Professor Anderson asserted that the British response to Kenya's request in 1967 was 'blatantly dishonest'. Within the documents released to the public in 1999, there is clear admission via a minute on the file that a huge collection of 'sensitive documents', comprising more than 1,500 files, had been taken from Nairobi and brought to London in 1963. Despite this internal recognition and awareness, the response to the Kenyan request was that no such collection of Kenyan documents existed, and that the British had removed nothing that they were not entitled to take with them in December 1963. The Cary Report states that the obfuscation and decision not to return the records was based on a combination of a 'thin end of the wedge' argument (if we return some files, we will draw attention to the existence of others) and a 'dangerous 'precedent one' (if we return the files after reviewing them for sensitivity we might find it difficult to withhold unreviewed and potentially sensitive records from other colonies). Kenya also managed to have the question about removed records asked in the parliament in 1971 to which the response was that the files were a 'UK Government interest, not a Kenya colony interest'. The Kenyans made a repeat request for the return of documents in 1974, without success.

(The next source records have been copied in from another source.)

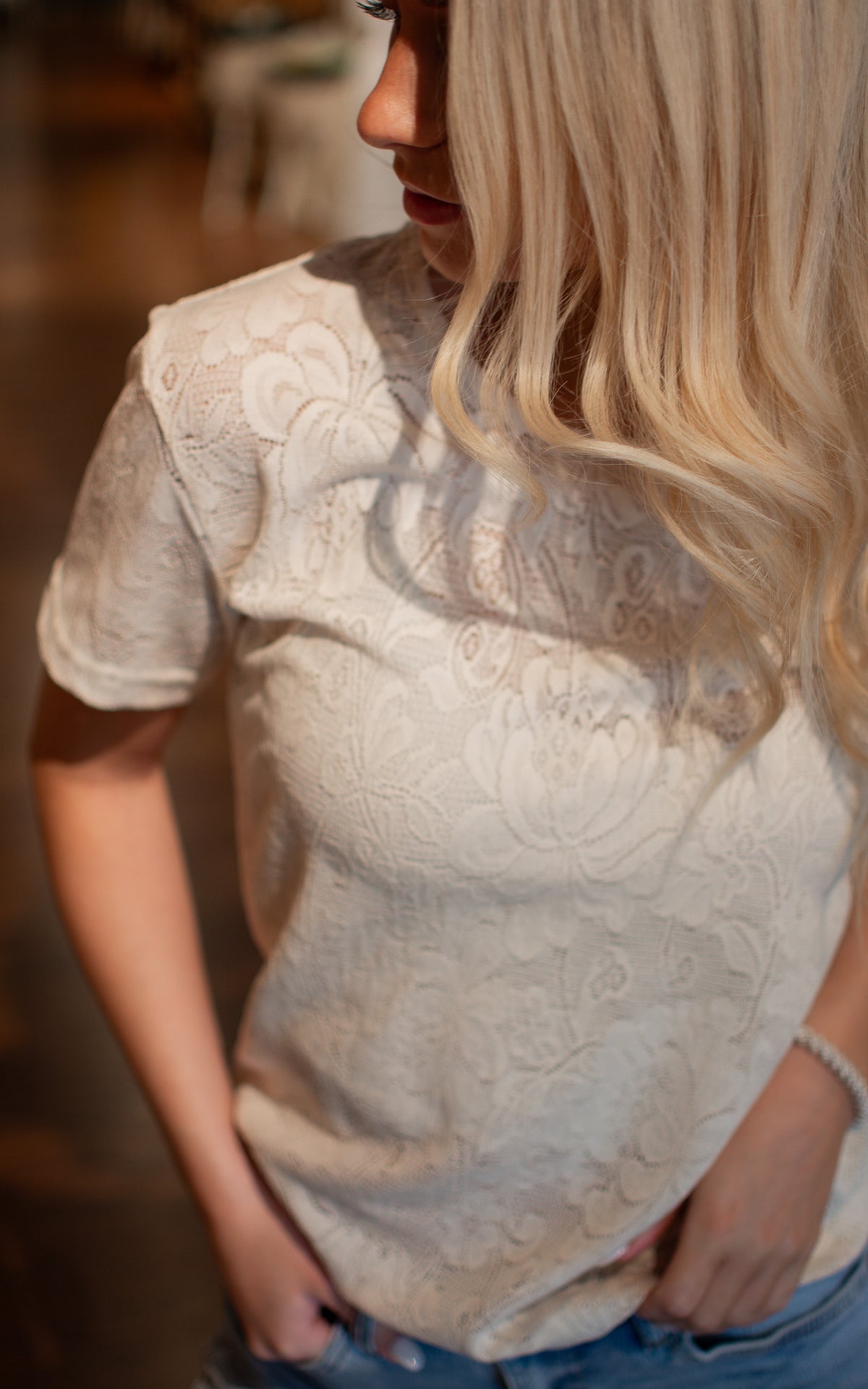 Flaunt your feminine side with our Victoria Floral Lace Tee. This cream colored tee features delicate lace detailing, adding a touch of elegance to any outfit. Perfect for a casual look that exudes sophistication.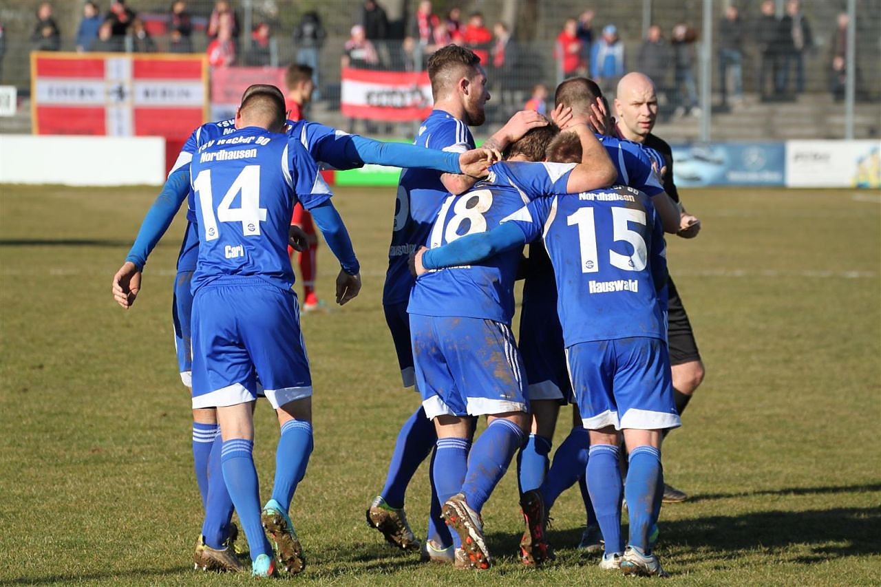 Der Beginn der zweiten Halbzeit dürfte gut 700 Zuschauern im Stadion allerding wie ein kleines Déjà-vu-Erlebnis vorgekommen sein. Berlin machte wieder Druck, hatte anfangs die besseren Möglichkeiten. Doch Nordhausen kämpfte sich auf dem tiefen schweren Rasen ins Spiel, sorgte nach einer schönen Kombination von Jan Löhmansröben, der von rechts zu Martin Hauswald passte, der seinerseits noch einmal nach außen auf Christoph Rischker ablegte, welcher sich dann im 16er mit tollem Abschluss gegen Berlins Sebastian Patzler durchsetzte, für die Vorentscheidung (3:1, 76. Minute).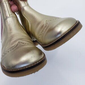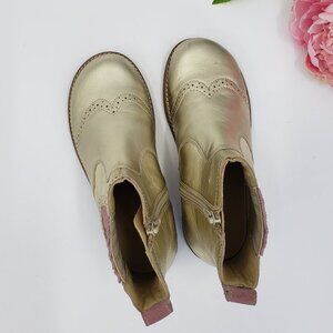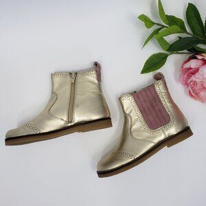 Mini Boden Girl's Ankle Boots Size 13 Gold Leather Pink Suede Wingtip Chelsea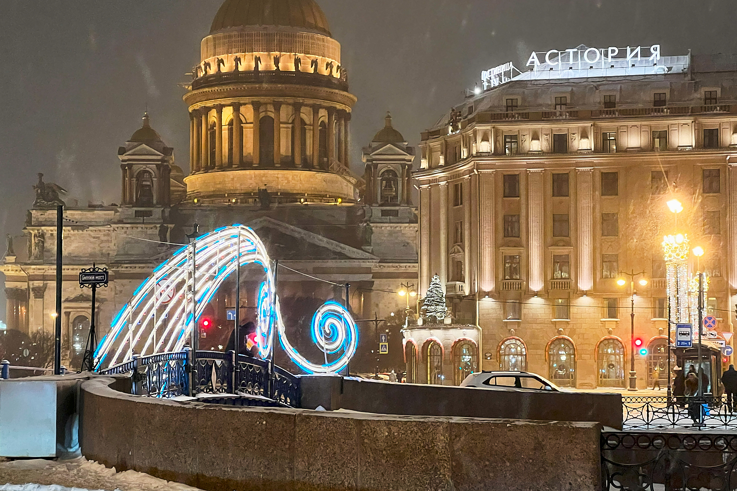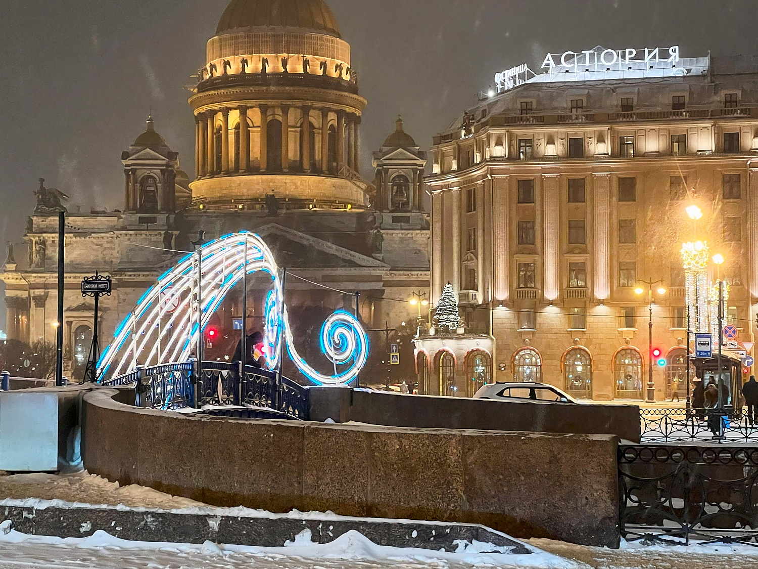 Мы прошли по Петербургу и посмотрели, как выглядят световые композиции, которыми украсили город этой зимой.

The 1996 survey on Disputed Archival Claims prepared by Leopald Auer, discussed below, shows that in 1996, the claim to the Kenyan migrated archive was considered active by Kenya; it was described as:

Kenya - Claim against the United Kingdom for microfilms of records removed from Kenya to the United Kingdom during the process of decolonization. Negotiations between 1970 and 1980. No transfers of copies have taken place, but Kenya has purchased some of the claimed microfilms. The use of the concept of joint heritage to facilitate the solution of the claim might be possible.

The results of the 2018/2019 survey (also described below) indicates that the Kenyan resolve has not altered, yet no progress in negotiations had been possible.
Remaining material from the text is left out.